- The Washington Times - Saturday, March 22, 2008

As the joke goes, the simplest way to become lieutenant governor in Virginia is to vow on the campaign trail to eliminate the job.

While the line wins some laughs at the Capitol in Richmond, it also speaks to a lingering thought that the largely ceremonial job must be redefined.

But Lt. Gov. Bill Bolling showed during the General Assembly’s recently concluded session that there is more to the job than just gavel-wielding, delivering speeches and welcoming visitors to the Senate chamber.

“He made the most of a constitutionally limited role,” said J. Scott Leake, spokesman for Senate Republicans.

Mr. Bolling, elected in 2005, used the limited tools as Senate President to insert himself in emotional debates, cause headaches for Democrats and score points with both his conservative base.

“Clearly it was my most successful and productive session as lieutenant governor,” he said.

While Mr.
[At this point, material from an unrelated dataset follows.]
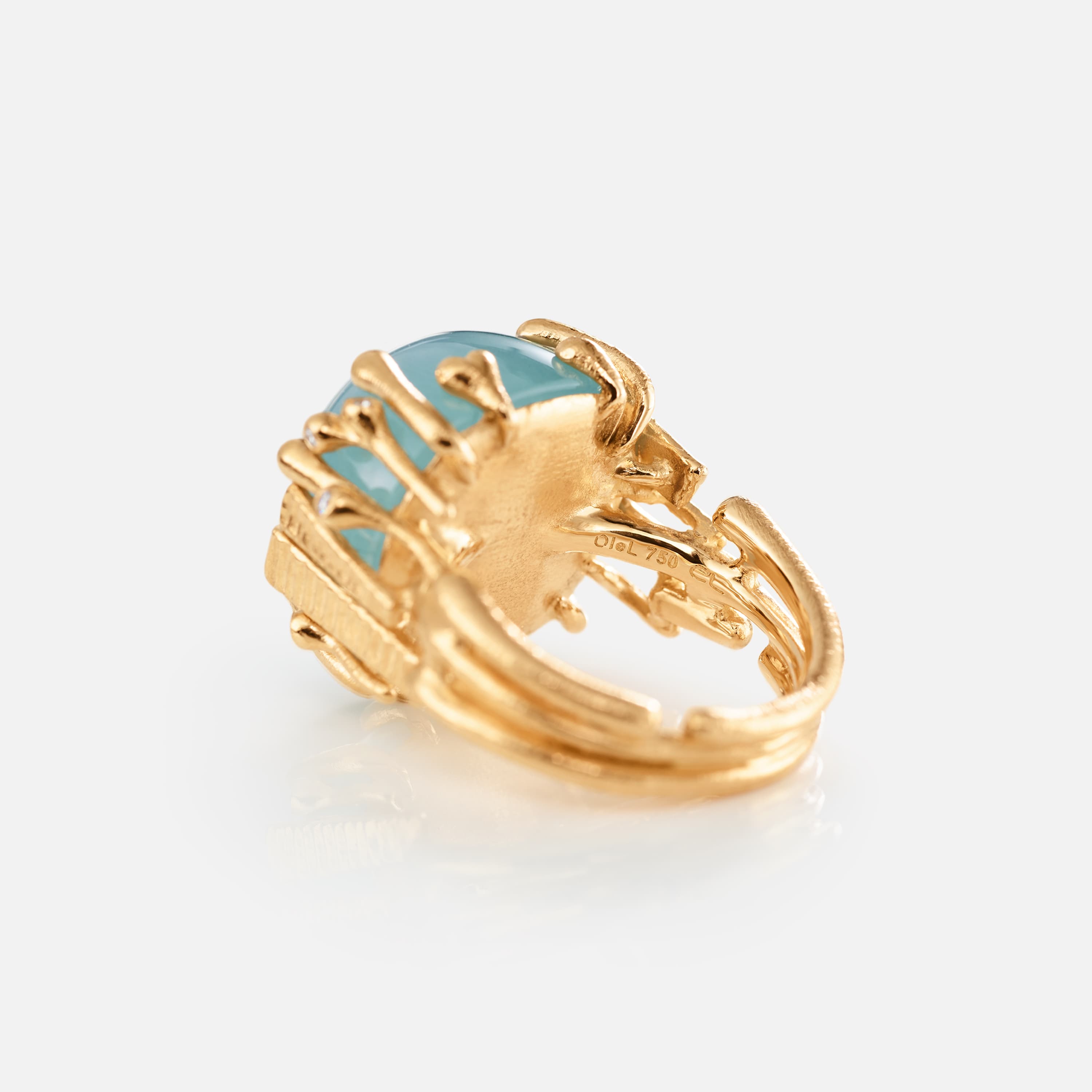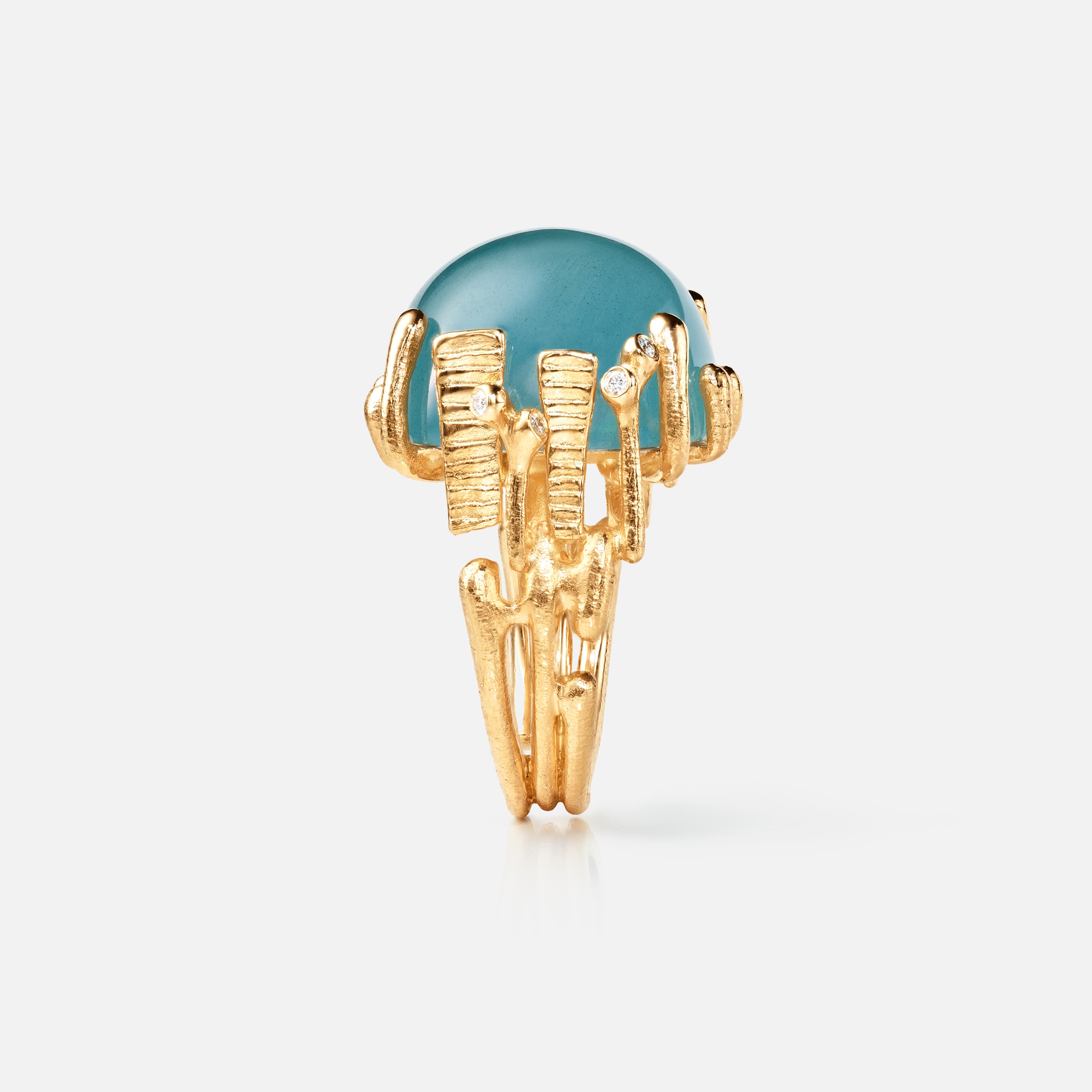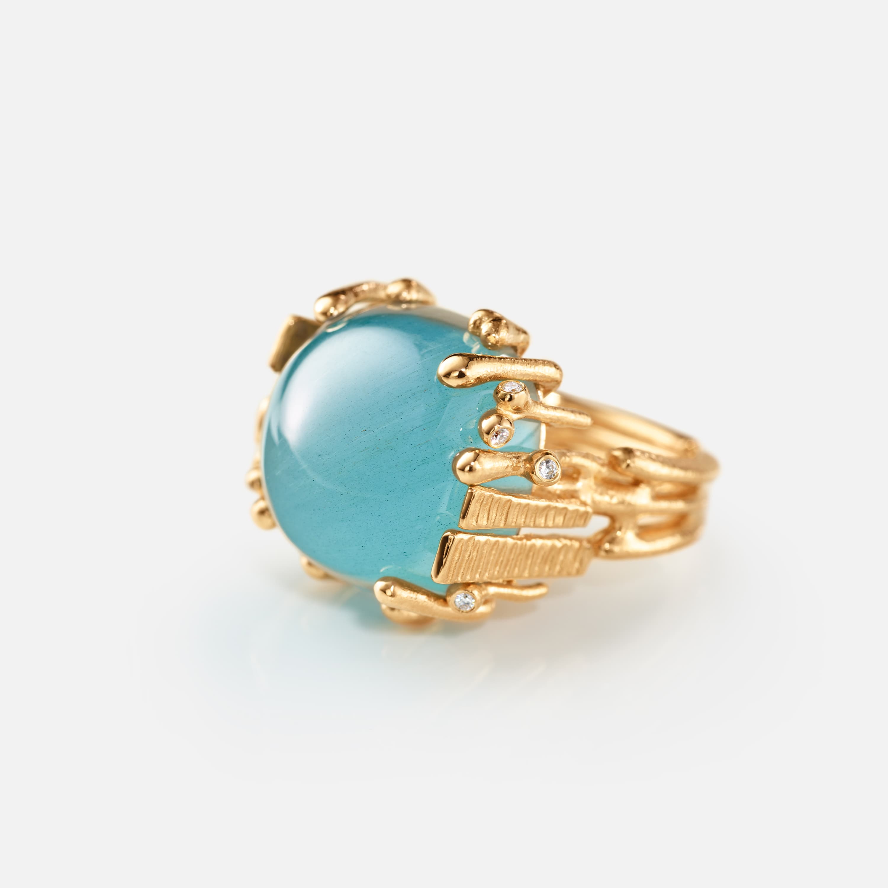 Der von Charlotte Lynggaard entworfene BoHo ring groß ist aus 750/- Gelbgold handgearbeitet, verziert mit einem 31 carat, 18x18mm blauen Aquamarin und acht Diamanten 0,06 carat TW. VS. Die AGL-Zertifikatsnummer des Turmalins ist mit Laser in den Stein graviert. Die gehämmerten und polierten Goldoberflächen sind von Goldschmieden handgefertigt. Teil der BoHo Collection.

Bolling — a Republican who is widely expected to run for governor next year — has yet to officially announce, history suggests the job is a stepping stone to the governor’s mansion.

His success could provide him some momentum in the expected matchup against Attorney General Robert F. McDonnell, who is also expected to run.

Mr. Bolling credits his performance to a combination of factors — most notably the shakeup of Republican leadership after moderates retired, his own maturation and a little luck.

It started in January after he used his bully pulpit to reach out to angry motorists, becoming the first statewide official to call for a repeal of the “abusive-driver fees” the state started imposing solely on Virginia drivers in the summer.

In February he cast his sole tie-breaking vote, supporting a ban against state funding for Planned Parenthood.

Although House and Senate budget negotiators later reinserted the language, the vote delivered a blow to the chamber’s new Democrat 21-19 majority and gave Mr. Bolling an opportunity to brandish his conservative credentials.

“We all knew how Bill would vote, but the fact that we got to a point where his vote matters was very significant,” said Sen. Kenneth T. Cuccinelli II, Fairfax Republican who introduced the amendment. “He still gets credit there because he had to beat Leslie Byrne [who ran against Mr. Bolling in 2005] to vote there and Leslie would not have voted that way. She would have written an additional check herself to pile onto Planned Parenthood.”

Mr. Bolling also ruled on parliamentary procedure, saying lawmakers had habitually violated the state constitution by failing to win the constitutionally required supermajority vote needed to divert lottery proceeds from going directly to local education.

“It comes down to a basic principle of honesty,” Mr. Bolling said.

For years, budget writers had diverted the money into the General Fund. Democrats overruled his decision, but Mr. Bolling’s ruling was affirmed by the state’s attorney general,

“He really cast a bright light on that practice, which I gather some have been giving a wink and a nod to for eight years,” said Sen. Mark D. Obenshain, Rappahannock Republican.

Sen. Stephen D. Newman, chairman of the Republican caucus from Lynchburg, called Mr. Bolling “one of the better policy wonks in Richmond” and said he is considering supporting legislation that would provide the lieutenant governor with additional powers.

“I personally believe someone of Bill’s immense capabilities should be used more,” he said.